I have just heard, that it's a good idea to choose initial weights of a neural network from the range $(\frac{-1}{\sqrt d} , \frac{1}{\sqrt d})$, where $d$ is the number of inputs to a given neuron. It is assumed, that the sets are normalized – mean 0, variance 1 (don't know if this matters).
Why is this a good idea?
Best Answer
I assume you are using logistic neurons, and that you are training by gradient descent/back-propagation.
The logistic function is close to flat for large positive or negative inputs. The derivative at an input of $2$ is about $1/10$, but at $10$ the derivative is about $1/22000$ . This means that if the input of a logistic neuron is $10$ then, for a given training signal, the neuron will learn about $2200$ times slower that if the input was $2$.
If you want the neuron to learn quickly, you either need to produce a huge training signal (such as with a cross-entropy loss function) or you want the derivative to be large. To make the derivative large, you set the initial weights so that you often get inputs in the range $[-4,4]$.

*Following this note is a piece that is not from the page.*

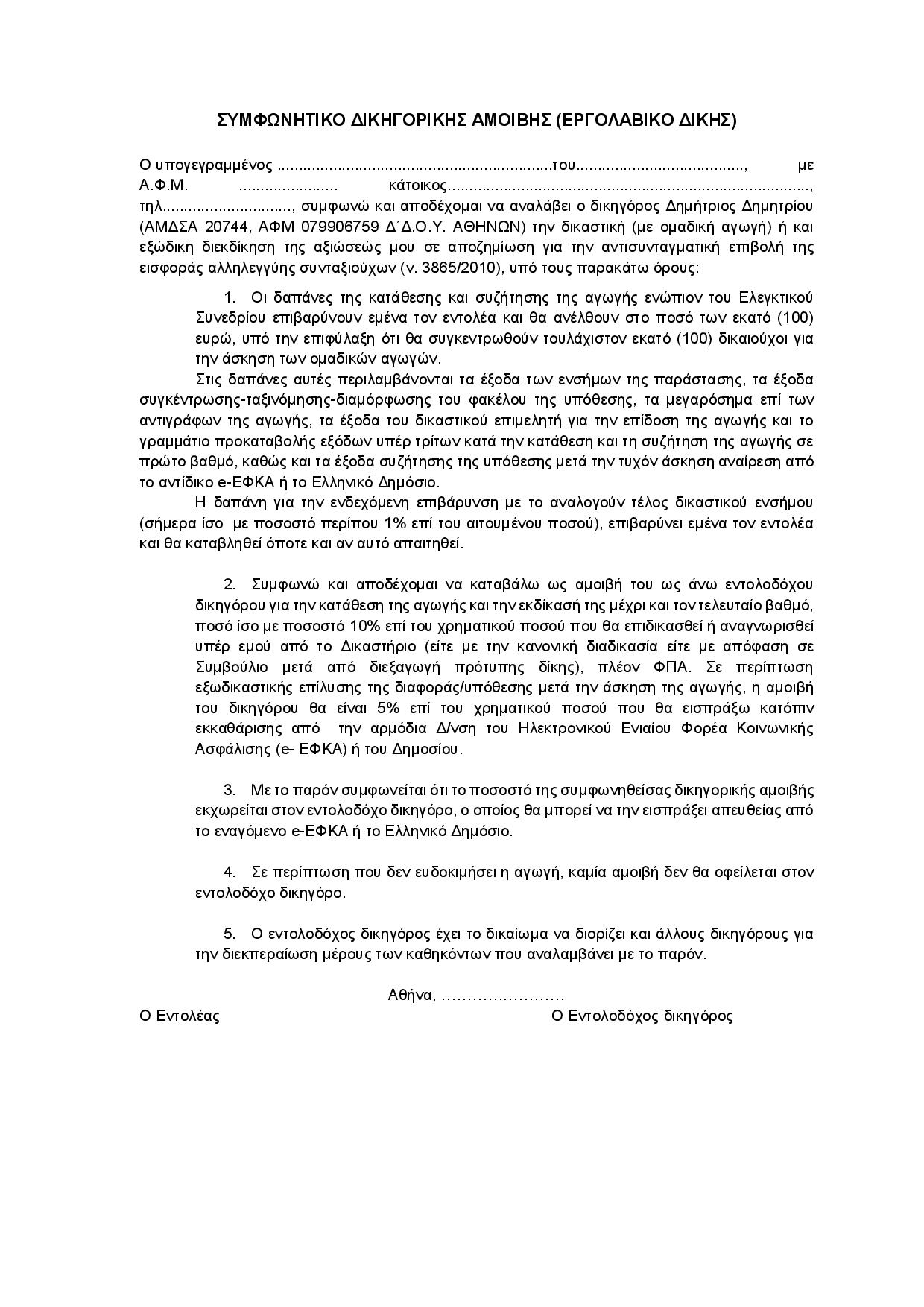 ΣΥΜΦΩΝΗΤΙΚΟ ΔΙΚΗΓΟΡΙΚΗΣ ΑΜΟΙΒΗΣ
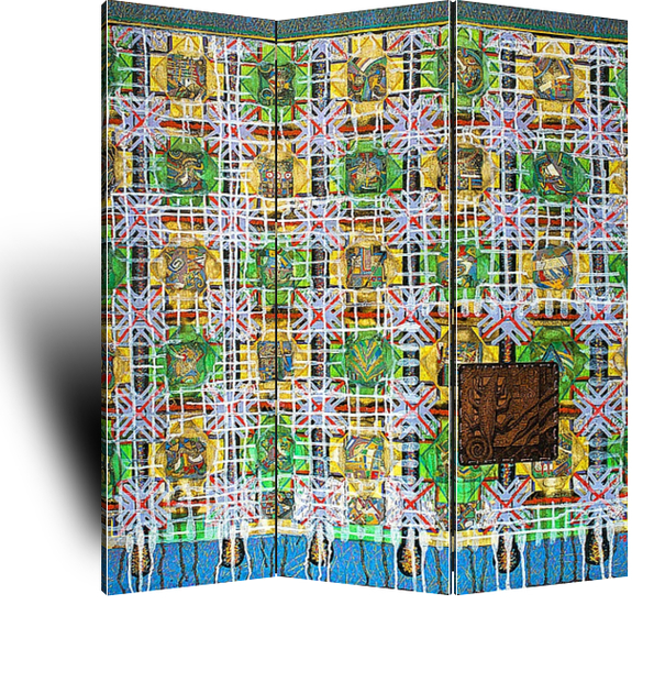 Описание ширмы Символическая композиция , абстракция , размер 70х85см . картон , масло , травление на меди. Работа представляет одно из направлений моего творчества . Выполнена в 2000г. работаю в разных направлениях ( портрет , пейзаж , символические композиции , г

The initial weights you give might or might not work. It depends on how the inputs are normalized. If the inputs are normalized to have mean $0$ and standard deviation $1$, then a random sum of $d$ terms with weights uniform on $(\frac{-1}{\sqrt{d}},\frac{1}{\sqrt{d}})$ will have mean $0$ and variance $\frac{1}{3}$, independent of $d$. The probability that you get a sum outside of $[-4,4]$ is small. That means as you increase $d$, you are not causing the neurons to start out saturated so that they don't learn.
With inputs which are not normalized, those weights may not be effective at avoiding saturation.